I am using the ETCI torchgeo Dataset for an instance segmentation problem.
I created a custom dataset for it following this tutorial: TorchVision Object Detection Finetuning Tutorial — PyTorch Tutorials 2.5.0+cu124 documentation
Here is minimally reproducible code:
from torch.utils.data import DataLoader
from torchgeo import datasets
import os
import torch
from torchvision.ops.boxes import masks_to_boxes
from torchvision import tv_tensors
from torchvision.transforms.v2 import functional as F
class ETCICustomDataset(torch.utils.data.Dataset):
def __init__(self, root:str, split:str, transforms, mask_idx, download:bool=False, checksum:bool=False):
# load all image files, sorting them to
# ensure that they are aligned
self.dataset = datasets.ETCI2021(root=root, split=split,
transforms=transforms, download=download, checksum=checksum)
self.mask_idx = mask_idx
def __getitem__(self, idx):
# load images and masks
img = self.dataset[idx]['image']
mask = self.dataset[idx]['mask'][self.mask_idx]
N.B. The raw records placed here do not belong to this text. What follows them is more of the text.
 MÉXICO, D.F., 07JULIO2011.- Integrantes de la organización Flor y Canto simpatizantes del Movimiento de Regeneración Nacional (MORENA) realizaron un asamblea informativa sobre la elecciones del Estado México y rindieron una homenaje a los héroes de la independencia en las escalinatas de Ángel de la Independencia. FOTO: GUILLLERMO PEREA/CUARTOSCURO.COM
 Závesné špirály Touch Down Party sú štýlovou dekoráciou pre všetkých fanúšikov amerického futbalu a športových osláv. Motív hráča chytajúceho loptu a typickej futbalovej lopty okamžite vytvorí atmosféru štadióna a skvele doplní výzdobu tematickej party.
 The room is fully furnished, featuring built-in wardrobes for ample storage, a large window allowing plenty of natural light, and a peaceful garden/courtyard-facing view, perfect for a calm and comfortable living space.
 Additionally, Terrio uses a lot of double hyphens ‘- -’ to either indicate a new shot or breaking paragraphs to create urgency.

# instances are encoded as different colors
obj_ids = torch.unique(mask)
# first id is the background, so remove it
obj_ids = obj_ids[1:]
num_objs = len(obj_ids)
# split the color-encoded mask into a set
# of binary masks
masks = (mask == obj_ids[:, None, None]).to(dtype=torch.uint8)
# get bounding box coordinates for each mask
boxes = masks_to_boxes(masks)
# there is only one class
labels = torch.ones((num_objs,), dtype=torch.int64)
image_id = idx
area = (boxes[:, 3] - boxes[:, 1]) * (boxes[:, 2] - boxes[:, 0])
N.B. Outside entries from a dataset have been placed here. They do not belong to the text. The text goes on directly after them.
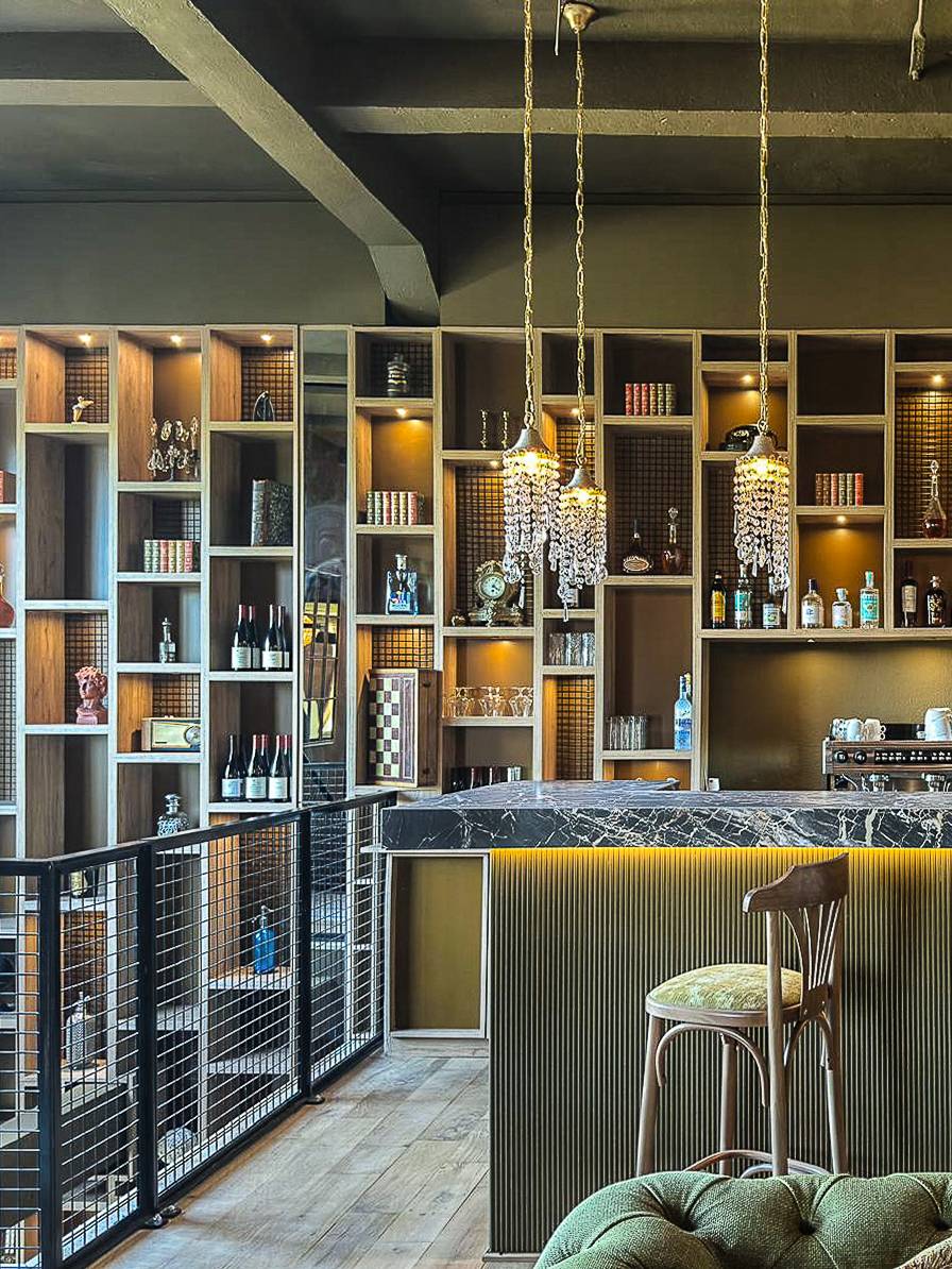 La couleur verte, dans ses nuances profondes, est idéale pour adoucir l’atmosphère. Ici, nous avons misé sur des tons verts chaleureux, qui créent un effet enveloppant. Utilisées sur les murs, les assises ou les textiles, ces teintes s’associent parfaitement à des matières comme le cuir, le métal foncé ou encore le laiton. Le résultat : une ambiance chic et intemporelle, où chaque élément dialogue avec l’autre. Ces choix contribuent à façonner un espace apaisant et inspirant, dans lequel on a naturellement envie de s’attarder, de partager un moment.
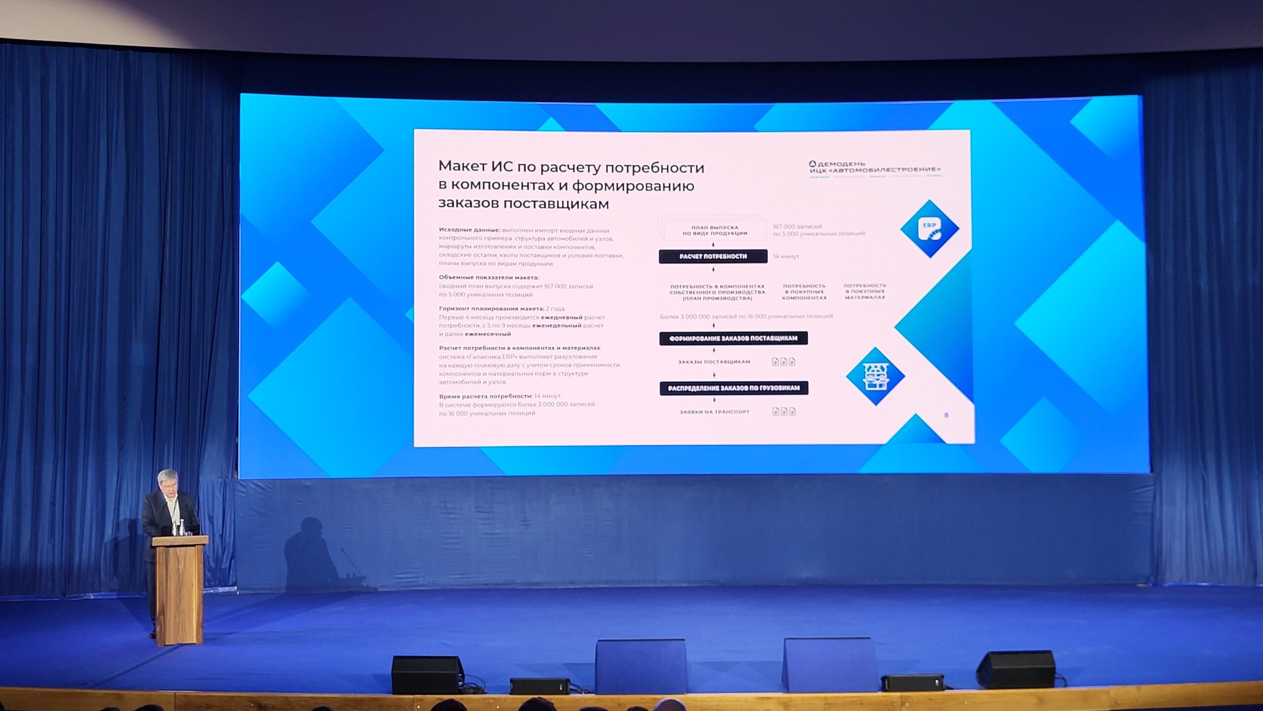 В пленарной сессии с докладом выступил генеральный директор АО «Корпорация Галактика» Игорь Целиков. Был презентован весь комплекс решений корпорации «Галактика» для промышленности, его особенности и преимущества, а также уникальный по быстродействию и функциональному наполнению макет ИС по расчету потребности в компонентах и формированию заказов поставщикам, созданный совместно с одним из крупных предприятий автомобилестроения.
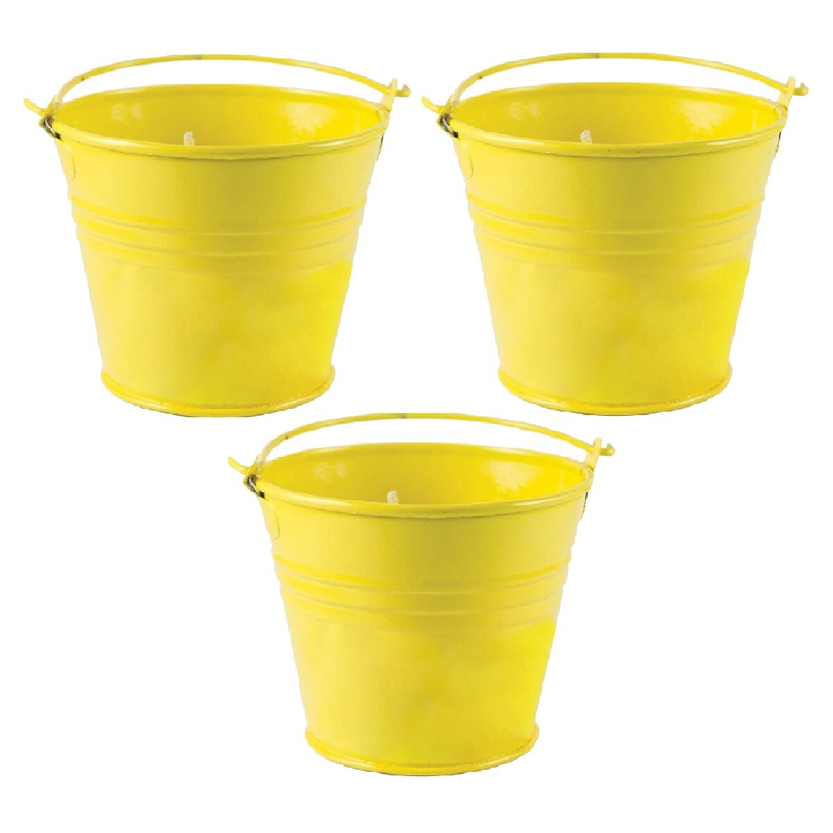 Set Of 3 Citronella Wax Candles In Decorative Coloured Iron Bucket 5H - Green

# suppose all instances are not crowd
iscrowd = torch.zeros((num_objs,), dtype=torch.int64)
target = {}
target["boxes"] = tv_tensors.BoundingBoxes(boxes, format="XYXY", canvas_size=F.get_size(img))
target["masks"] = tv_tensors.Mask(masks)
target["labels"] = labels
target["image_id"] = image_id
target["area"] = area
target["iscrowd"] = iscrowd
return img, target
def __len__(self):
return len(self.dataset)
def collate_fn(data):
img, target = data
zipped = zip(img, target)
return list(zipped)
def collate_fn2(data):
# want to stack the images and then combine the dicts
imgs = [x[0] for x in data]
images = torch.stack(imgs)
target_dict ={}
dicts = [x[1] for x in data]
for key in dicts.keys():
target_dict[key] = 0
return (images, )
dataset = ETCICustomDataset(root='data/ETCI', split='train', mask_idx=0,
transforms=None, download=False, checksum=False)
ldr = DataLoader(dataset, 8, False, num_workers=0)
i = 0
for sample in ldr:
print(i)
i+=8
The for loop at the bottom is just to try to find which image/sample was failing but it changes based on the batch size.
Following DataLoader gives:stack expects each tensor to be equal size,due to different image has different objects number and RuntimeError: stack expects each tensor to be equal size, but got [3, 224, 224] at entry 0 and [3, 224, 336] at entry 3
I tried to make custom collate functions but, the default one has the correct behavior it just falls occasionally whereas my custom ones do not create the type/shape of the data I want.
Can anyone help me create a collate fn that works like the default one but doesn’t fail with this bug or perhaps help me understand where this bug comes from?
I hypothesize that it happens when the collate fn tries to stack the bbox in the target dict and the bbox is empty so its shape is [0,4] and then the other one is [1,4] but I am not certain.